**Dataset excerpts**
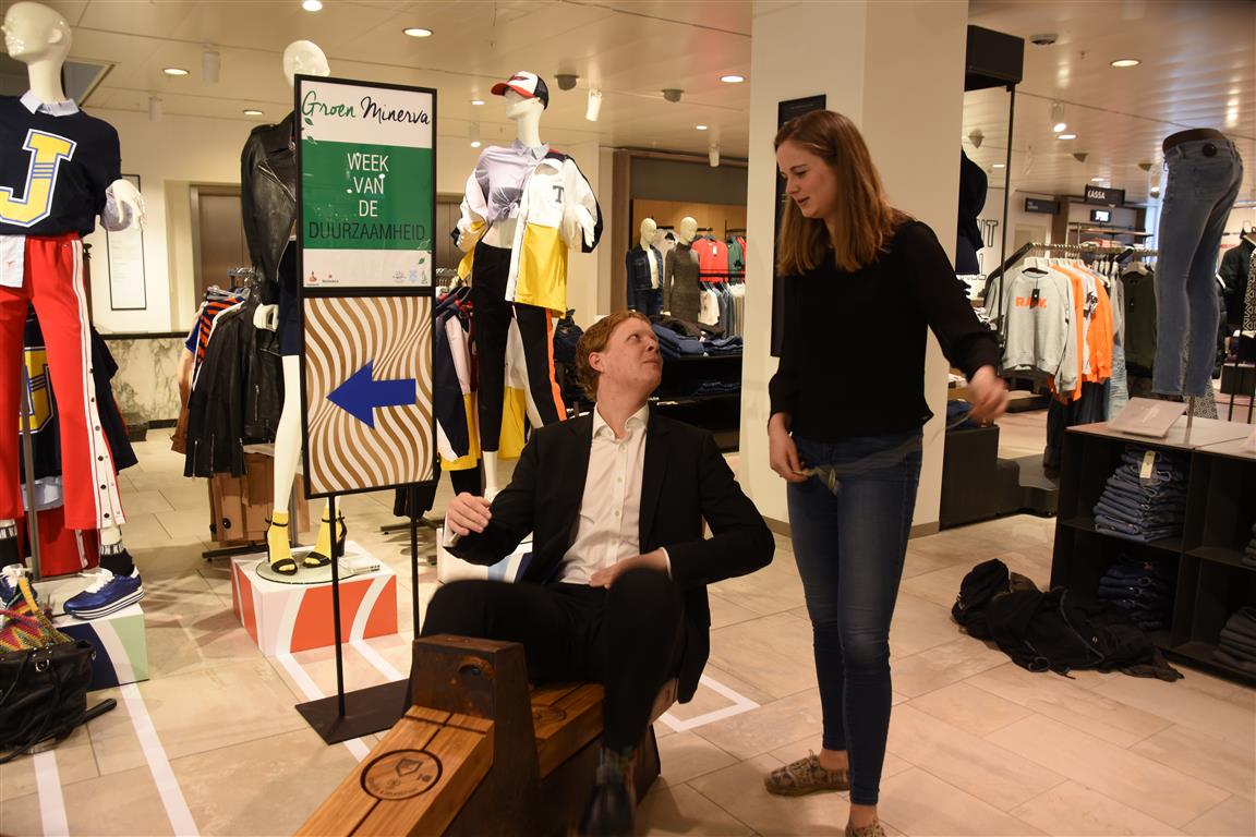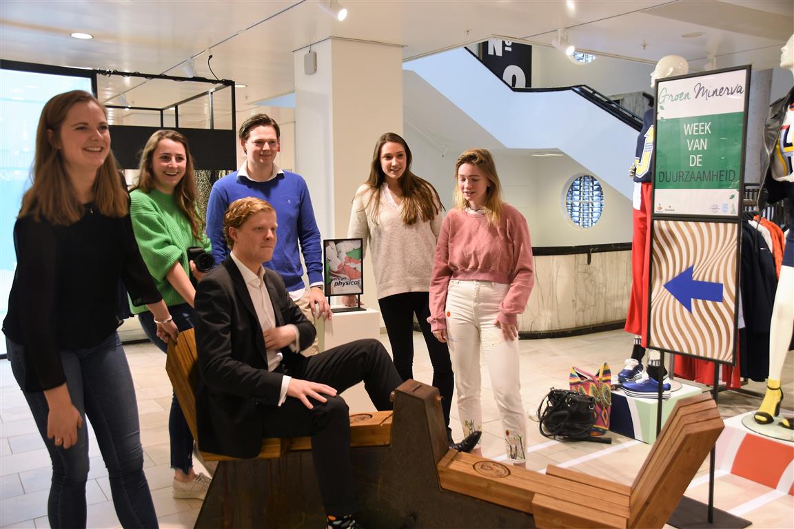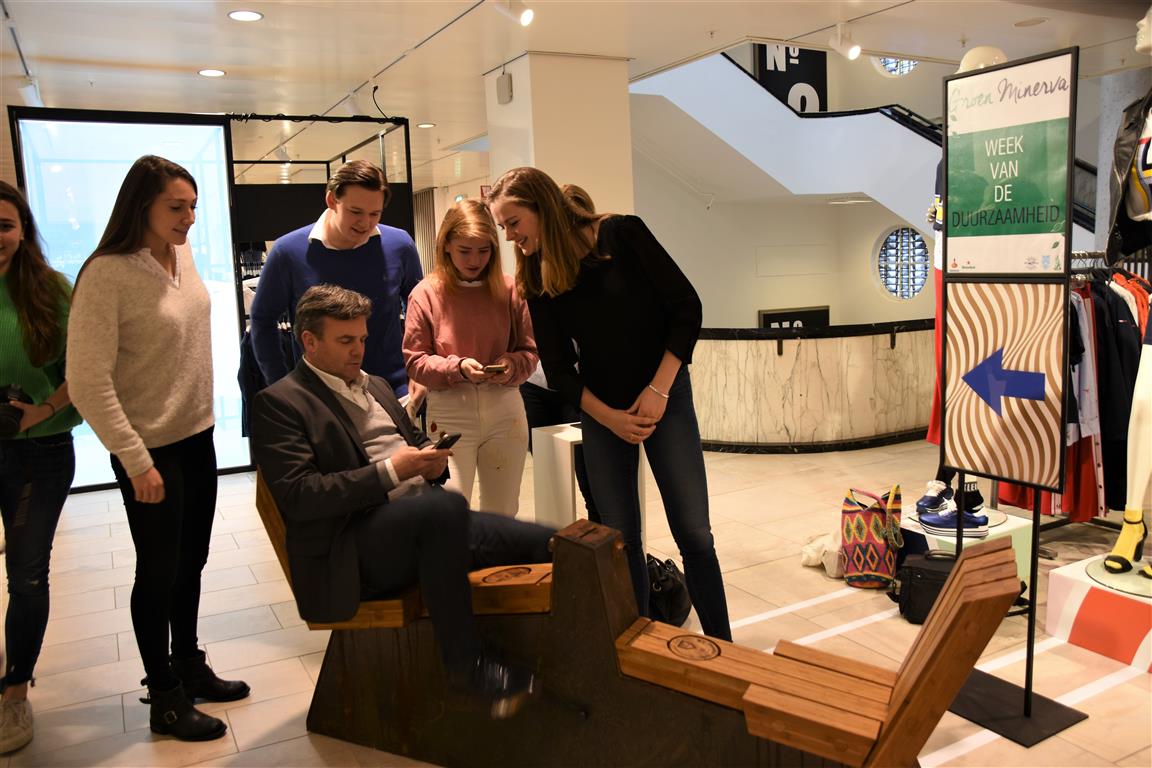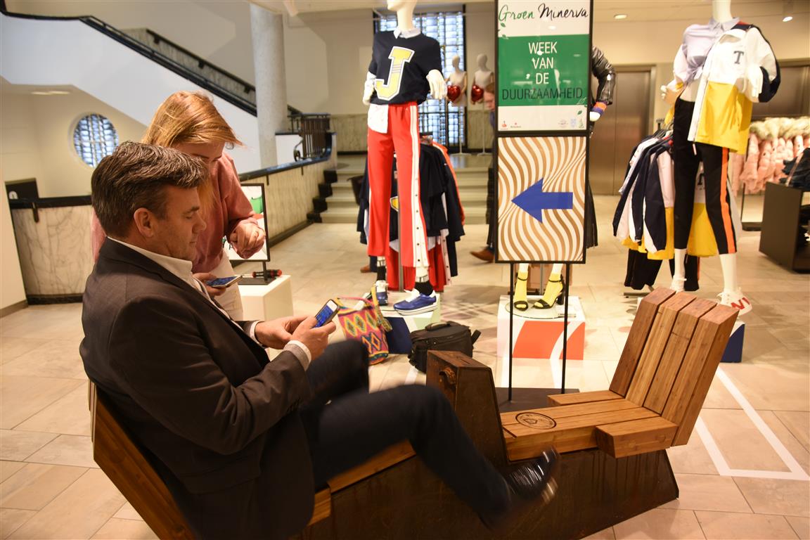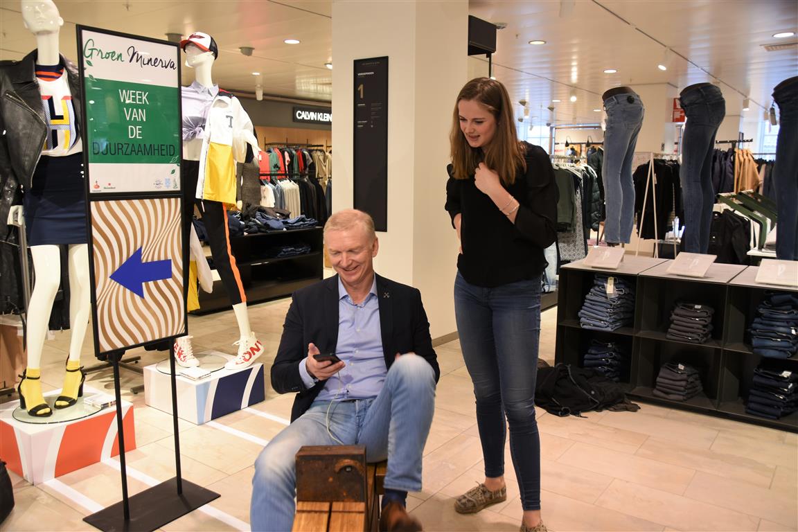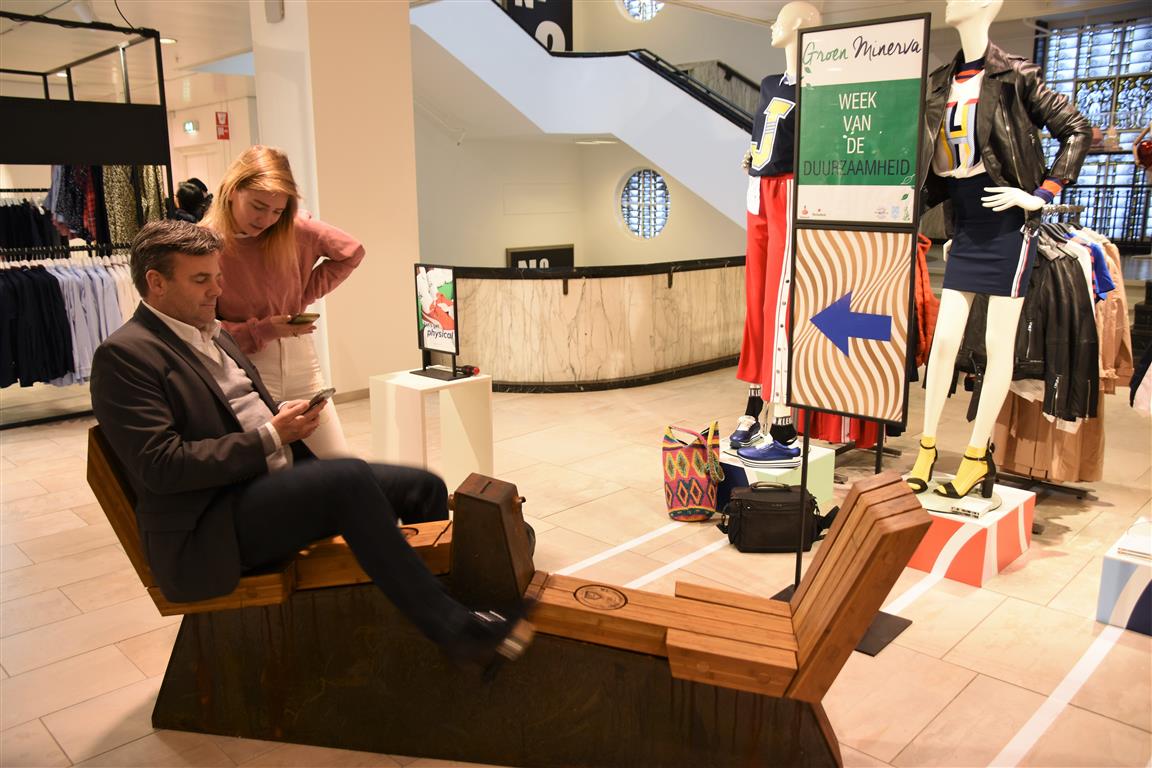 Vorige week stond studentensociëteit Minerva in het teken van duurzaamheid. De werkgroep Groen Minerva had diverse activiteiten georganiseerd om duurzaamheid onder de aandacht te brengen. Tijdens de warme truiendag ging de verwarming een aantal graden lager, er waren vegetarische maaltijden en er werd niet uit plastic maar uit glas gedronken. In de sociëteit stond een energiefiets waarop je al fietsend je mobieltje kon opladen of stroom opwekken om een tosti te maken. Veel leden fietsten op die manier een gratis tosti bij elkaar. De leden van de werkgroep sloten de week af door zaterdagmiddag het winkelend publiek in Hudson’s Bay de mogelijkheid te bieden ook hun mobieltje op te laden op de energiefiets. De D66 wethouders Paul Dirkse en Robert Strijk kwamen ook langs om hun mobiel op te laden en te horen hoe de Week van de Duurzaamheid op Minerva verlopen was. De energiefiets was geleend van station Kerckebosch -Zeist waar hij wachtende passagiers de mogelijkheid biedt sportief bezig te zijn en direct hun mobiel op te laden. Beide wethouders waren enthousiast over de energiefiets en vonden dat hij ook in Leiden niet zou misstaan in de openbare ruimte.
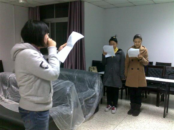心理气象站站长张立同学以及院学生会文体中心主任田哲同学在化成楼222教室组织演员们进行了心理情景剧“信号来了”的彩排,为校强化院组织的“心舞飞扬”心理情景剧比赛做最后准备。此次参演人员由来自黄色视频
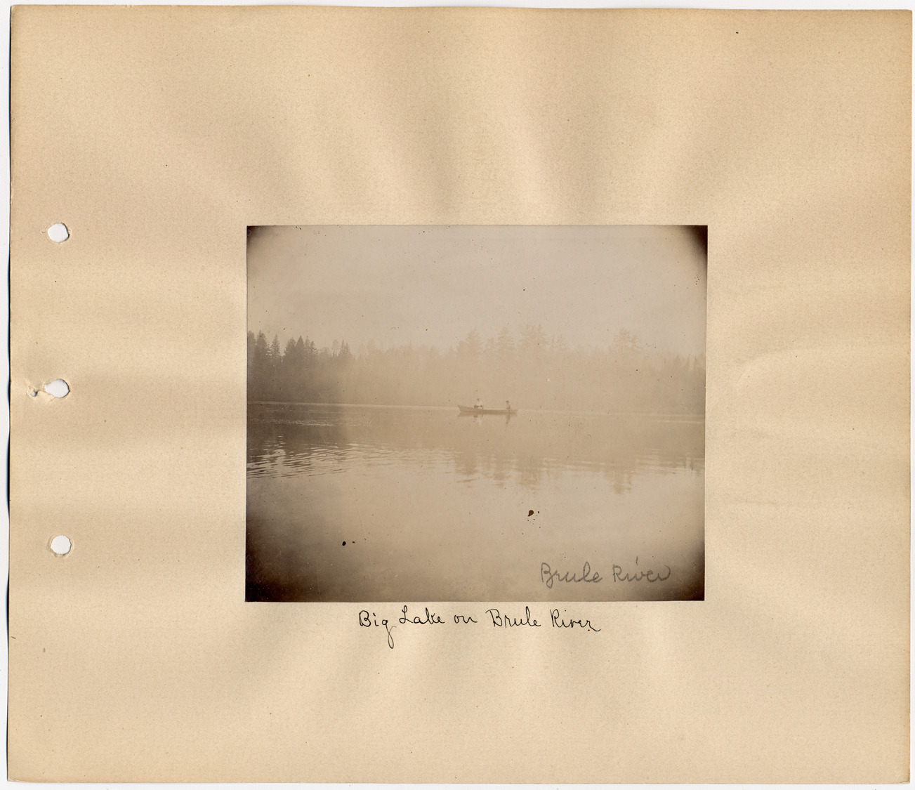 Favorite this☆ Boat in mist on Brule River Description: Two people in small boat in the mist. Evergreens on far bank. Photograph mounted on album page. Handwritten on photograph front: "Brule River." Handwritten on mat front: "Big Lake on Brule River." Details Resource ID: DPA1192 Subject: Brule River (Mich. and Wis.) Lakes--Michigan Boats and boating--Michigan Albumen prints Photographic prints Date Issued: Unknown year Format: 1 photographic print mounted on stock ; image 3.5 x 4.5 in. Member of: Burton Historical Collection Filing Location: M/Lakes Rights: Physical rights are retained by DPL. Copyright is retained in accordance with U.S. copyright laws.
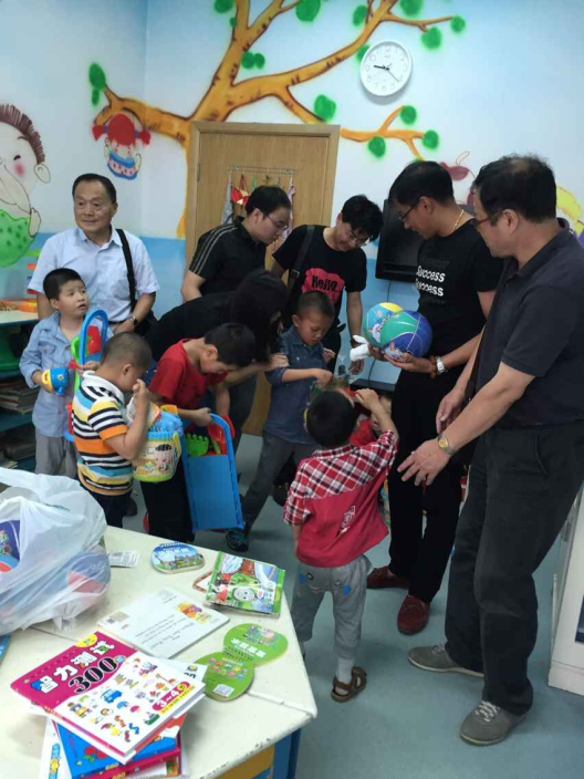 中心黄老师热情接待了各位老师,孩子们看到新买来的玩具和书籍、学习用品很开心。黄老师说 “我们的教学工作分工不同,都在自己的岗位尽力而为。您们给孩子们送来的礼物,孩子们特别喜欢。以前把玩具给他们都不会玩,现在不仅会玩,而且会有创意的玩。感恩众多志愿者给孩子们的关爱。”看着这些天真、稚幼的孩子,老师们也深受教育与感悟。
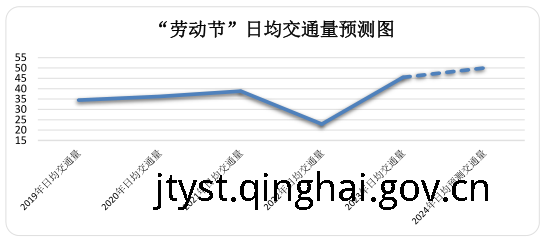 根据省公路局和省高速公路运营管理有限公司提供的历年数据分析,近六年“劳动节”期间我省公路交通量呈增长趋势,交通量分布呈现“西宁周边大、海西青南地区小”的特征,其中交通量较大收费站分别为G6京藏高速海东主线收费站、西宁西主线收费站,G0612西和高速海东西主线收费站。2021年“劳动节”期间日交通量为38.81万辆;2022年“劳动节”期间日交通量为22.89万辆,2023年“劳动节”期间日交通量为45.49万辆;2024年“劳动节”预计交通量同比增加5%左右,达到50万辆/日。5月5日(假期第五日)通往西宁道路交通量可能出现局部高峰,5月6日(假期后一日)交通量将回落。
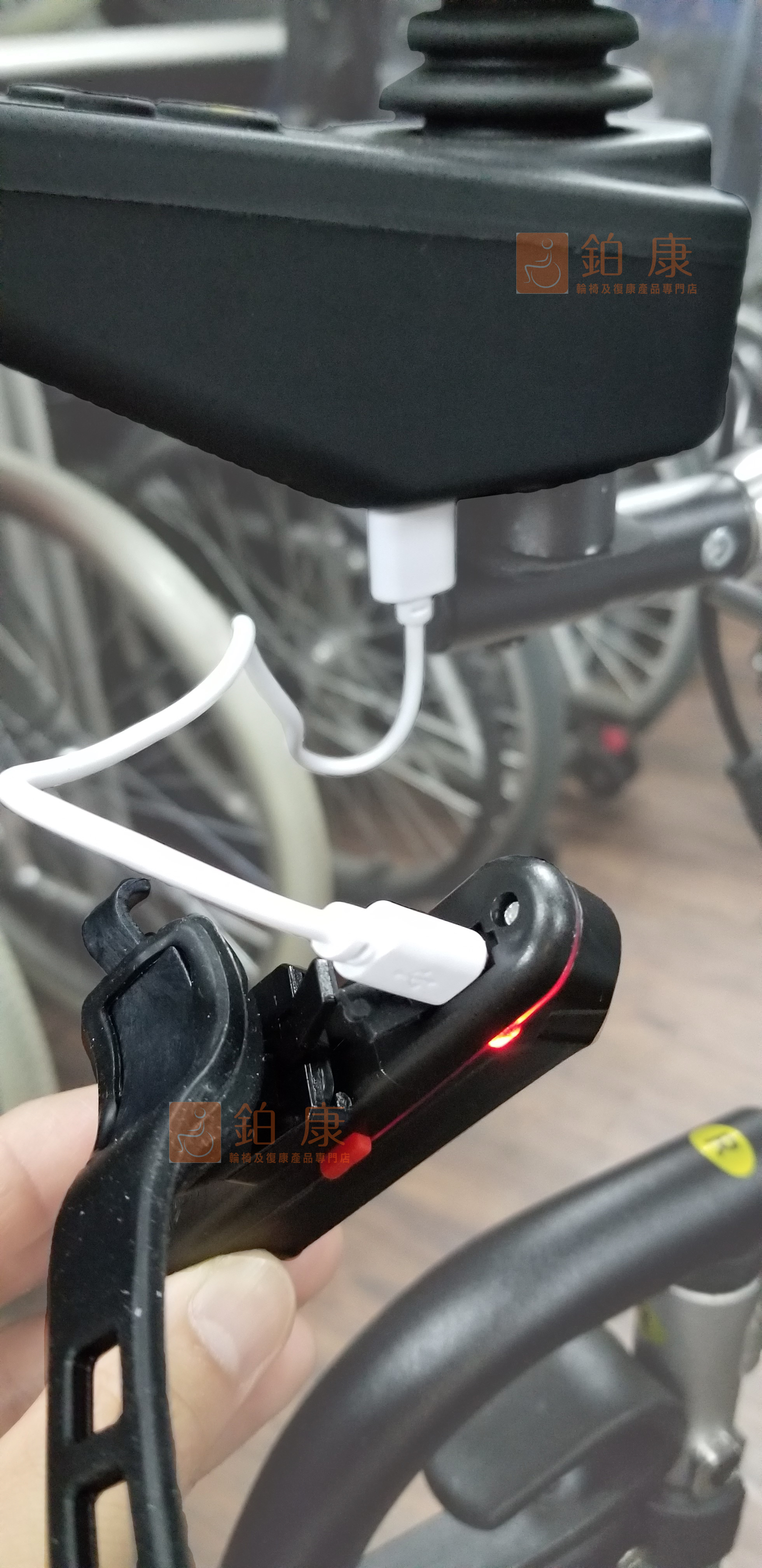 ‧ 輪椅頭尾LED燈內擁有紅色和白色可選擇使用,方便使用在前方及後方照明
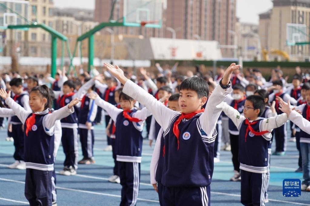 雄安新區(qū)容西片區(qū)云溪小學(xué)的學(xué)生在操場上做操(2023年3月23日攝)。新華社記者 牟宇 攝
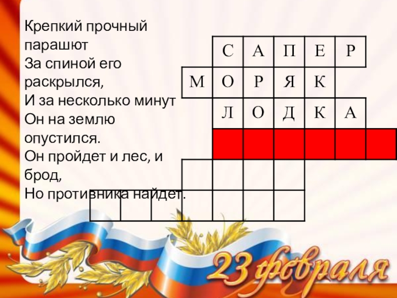 Крепкий прочный парашютЗа спиной его раскрылся,И за несколько минутОн на землю опустился.Он пройдет и лес, и брод,Но
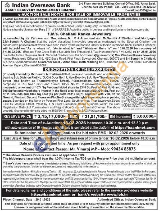 (Property Owned by Mr. Sumthi A Challani) All that piece and parcel of Land and Building bearing Sub Division Plot No. G. Old Door No. 17, New Door No 8-A, New Thandavarayan Street (also known as Thandavarayan Street), Purasawalkam, Chennai 600007, comprised in R.S Nos. 1538/1 and 1542/1, Block No 25, Purasawalkam Village, Land measuring an extent of 1674 Sq Feet undivided share in 3340 Sq Feet of Plot No G and 390 Sq feet undivided share interest in the Road area, in all measuring 2064 Sq. Feet out of 11 Grounds and 1840 Sq Feet (as per patta 25117 sq ft), together with Villa No 12, Ground, First and Second Floors on Plot No G, along with rights to parking in car parking space, Bounded on the North by Poonam First Lane, South by New Thandavarayan Street, East by Mosque Street, West by T N Slum Clearance Board Quarters within the Sub Registration District of Puraswalkam and Registration District of Central Chennai. The above property is covered under sale deed no 3628/2014 registered at SRO Purasawalkam

**Your goal**
When you retype the records, keep every word exactly as written and exclude the pictures.

**Problem solution**
 Vorige week stond studentensociëteit Minerva in het teken van duurzaamheid. De werkgroep Groen Minerva had diverse activiteiten georganiseerd om duurzaamheid onder de aandacht te brengen. Tijdens de warme truiendag ging de verwarming een aantal graden lager, er waren vegetarische maaltijden en er werd niet uit plastic maar uit glas gedronken. In de sociëteit stond een energiefiets waarop je al fietsend je mobieltje kon opladen of stroom opwekken om een tosti te maken. Veel leden fietsten op die manier een gratis tosti bij elkaar. De leden van de werkgroep sloten de week af door zaterdagmiddag het winkelend publiek in Hudson’s Bay de mogelijkheid te bieden ook hun mobieltje op te laden op de energiefiets. De D66 wethouders Paul Dirkse en Robert Strijk kwamen ook langs om hun mobiel op te laden en te horen hoe de Week van de Duurzaamheid op Minerva verlopen was. De energiefiets was geleend van station Kerckebosch -Zeist waar hij wachtende passagiers de mogelijkheid biedt sportief bezig te zijn en direct hun mobiel op te laden. Beide wethouders waren enthousiast over de energiefiets en vonden dat hij ook in Leiden niet zou misstaan in de openbare ruimte.
心理气象站站长张立同学以及院学生会文体中心主任田哲同学在化成楼222教室组织演员们进行了心理情景剧“信号来了”的彩排,为校强化院组织的“心舞飞扬”心理情景剧比赛做最后准备。此次参演人员由来自黄色视频
 Favorite this☆ Boat in mist on Brule River Description: Two people in small boat in the mist. Evergreens on far bank. Photograph mounted on album page. Handwritten on photograph front: "Brule River." Handwritten on mat front: "Big Lake on Brule River." Details Resource ID: DPA1192 Subject: Brule River (Mich. and Wis.) Lakes--Michigan Boats and boating--Michigan Albumen prints Photographic prints Date Issued: Unknown year Format: 1 photographic print mounted on stock ; image 3.5 x 4.5 in. Member of: Burton Historical Collection Filing Location: M/Lakes Rights: Physical rights are retained by DPL. Copyright is retained in accordance with U.S. copyright laws.
 中心黄老师热情接待了各位老师,孩子们看到新买来的玩具和书籍、学习用品很开心。黄老师说 “我们的教学工作分工不同,都在自己的岗位尽力而为。您们给孩子们送来的礼物,孩子们特别喜欢。以前把玩具给他们都不会玩,现在不仅会玩,而且会有创意的玩。感恩众多志愿者给孩子们的关爱。”看着这些天真、稚幼的孩子,老师们也深受教育与感悟。
 根据省公路局和省高速公路运营管理有限公司提供的历年数据分析,近六年“劳动节”期间我省公路交通量呈增长趋势,交通量分布呈现“西宁周边大、海西青南地区小”的特征,其中交通量较大收费站分别为G6京藏高速海东主线收费站、西宁西主线收费站,G0612西和高速海东西主线收费站。2021年“劳动节”期间日交通量为38.81万辆;2022年“劳动节”期间日交通量为22.89万辆,2023年“劳动节”期间日交通量为45.49万辆;2024年“劳动节”预计交通量同比增加5%左右,达到50万辆/日。5月5日(假期第五日)通往西宁道路交通量可能出现局部高峰,5月6日(假期后一日)交通量将回落。
 ‧ 輪椅頭尾LED燈內擁有紅色和白色可選擇使用,方便使用在前方及後方照明
 雄安新區(qū)容西片區(qū)云溪小學(xué)的學(xué)生在操場上做操(2023年3月23日攝)。新華社記者 牟宇 攝
 Крепкий прочный парашютЗа спиной его раскрылся,И за несколько минутОн на землю опустился.Он пройдет и лес, и брод,Но
 (Property Owned by Mr. Sumthi A Challani) All that piece and parcel of Land and Building bearing Sub Division Plot No. G. Old Door No. 17, New Door No 8-A, New Thandavarayan Street (also known as Thandavarayan Street), Purasawalkam, Chennai 600007, comprised in R.S Nos. 1538/1 and 1542/1, Block No 25, Purasawalkam Village, Land measuring an extent of 1674 Sq Feet undivided share in 3340 Sq Feet of Plot No G and 390 Sq feet undivided share interest in the Road area, in all measuring 2064 Sq. Feet out of 11 Grounds and 1840 Sq Feet (as per patta 25117 sq ft), together with Villa No 12, Ground, First and Second Floors on Plot No G, along with rights to parking in car parking space, Bounded on the North by Poonam First Lane, South by New Thandavarayan Street, East by Mosque Street, West by T N Slum Clearance Board Quarters within the Sub Registration District of Puraswalkam and Registration District of Central Chennai. The above property is covered under sale deed no 3628/2014 registered at SRO Purasawalkam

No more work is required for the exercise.